Especially considering Swiss Post keep wanting to (inconsistently) associate our findings with the PIT.
(Do we know how much money that was? Last I checked it hadn't been disclosed.)
NSWEC had to address 2 critical issues in the code base during an election cycle.
On the other hand...wow that's an interesting time to plan a PIT for.
OR...they didn't know...which calls into question the competence of Swiss Post.
My vote would be for a public inquiry, but I don't get a vote (at least officially...)
* How many reviews did this system go through prior to the source code "release"
* When was the Shuffle Proof trapdoor found initially (2017? by who?)
* Why was the Shuffle Proof trapdoor not fixed if it was found
* Why didn't any of the previous audits identify the use of a non-collision-resistant hash function in the ZKP implementation?
* Why was non-Swiss ZKP code released as part of the Swiss code base?
* How much code does the Swiss system share with iVote?
* Why was the PIT scheduled to occur during an election using iVote?
* Did Swiss Post know that iVote shared much of the same code?
* If this code has been reworked, can we see previous implementations of these ZKPs?

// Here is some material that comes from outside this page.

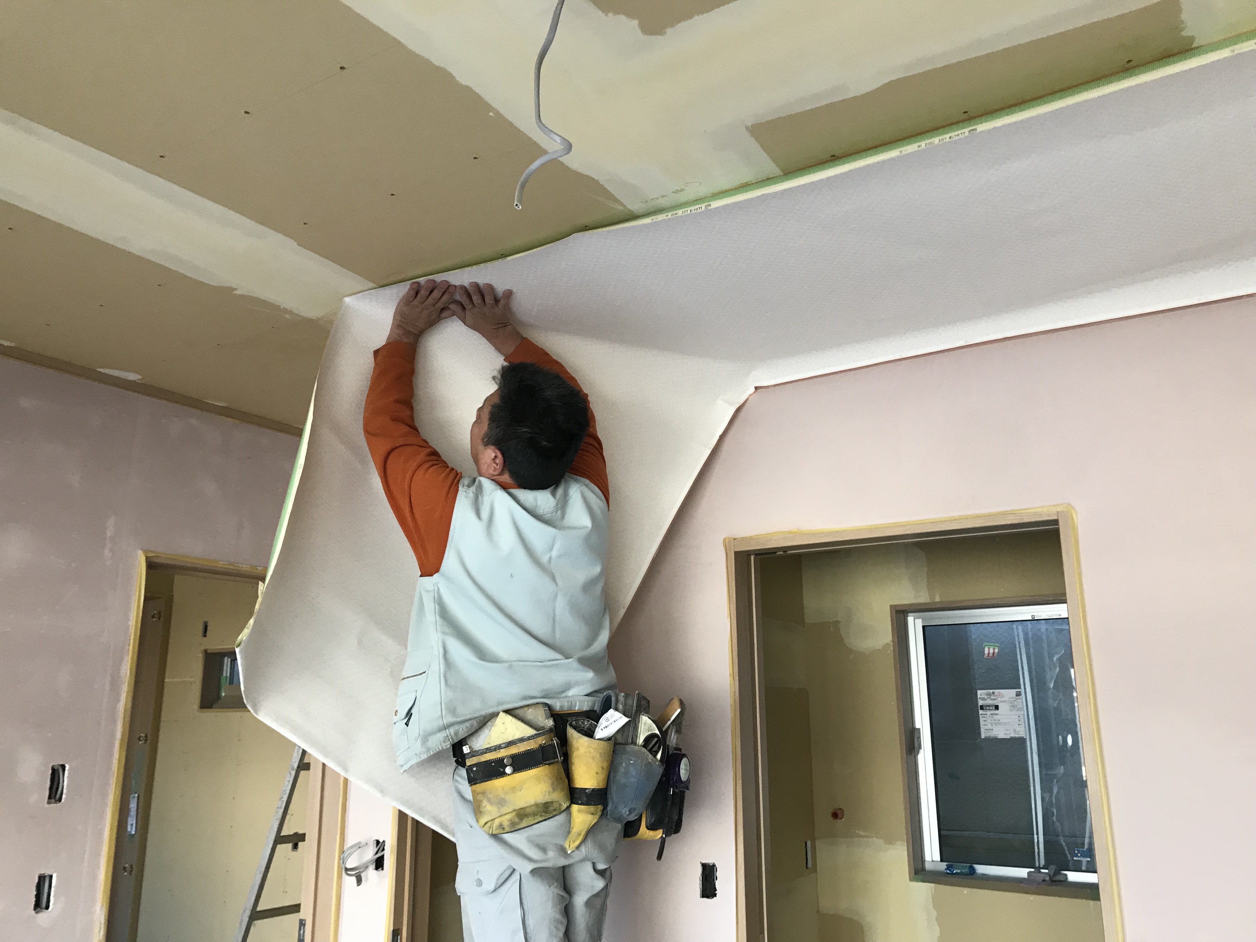 内装のメインとなる部屋は全て漆喰仕上げで、お施主様に塗っていただきます!ただ今弊社左官職人サポートの元、下塗りを行っています。

Were those findings acted upon?
Considering that it has been reported by Swiss Post that Scytl did not act upon a previous discovery of the Shuffle Proof issue what mechanisms failed to catch that inaction?

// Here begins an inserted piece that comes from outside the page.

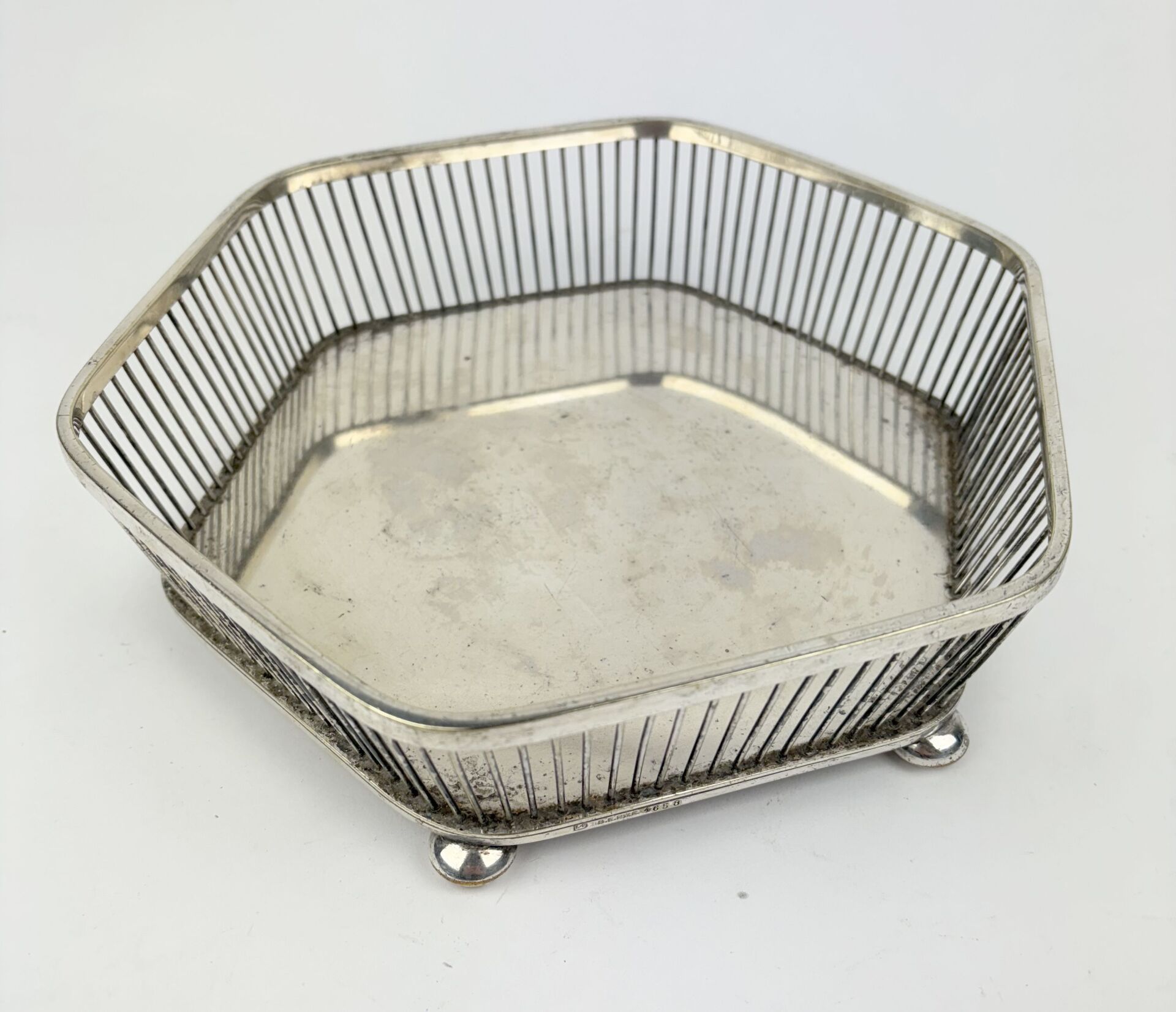 Corbeille à pain en métal argenté de forme hexagonale à bord ajouré reposant sur quatre pieds aplatis Travail vers 1900 D : 24 cm

Why are they so confident that the Decryption Proof issue doesn't impact them when they felt the need to emergency patch their system when the Shuffle Proof issue was discovered?
Was this a naive implementation? Are there in-house review processes to catch such issues? (If there are then why did they fail? Otherwise, why didn't they exist?)
This is the security of national elections we are talking about.
This is, quite simply, a complete clusterfuck.
Evoting is, by far, the most opaque, convoluted meta-system I've every encountered.
These questions aren't going away though.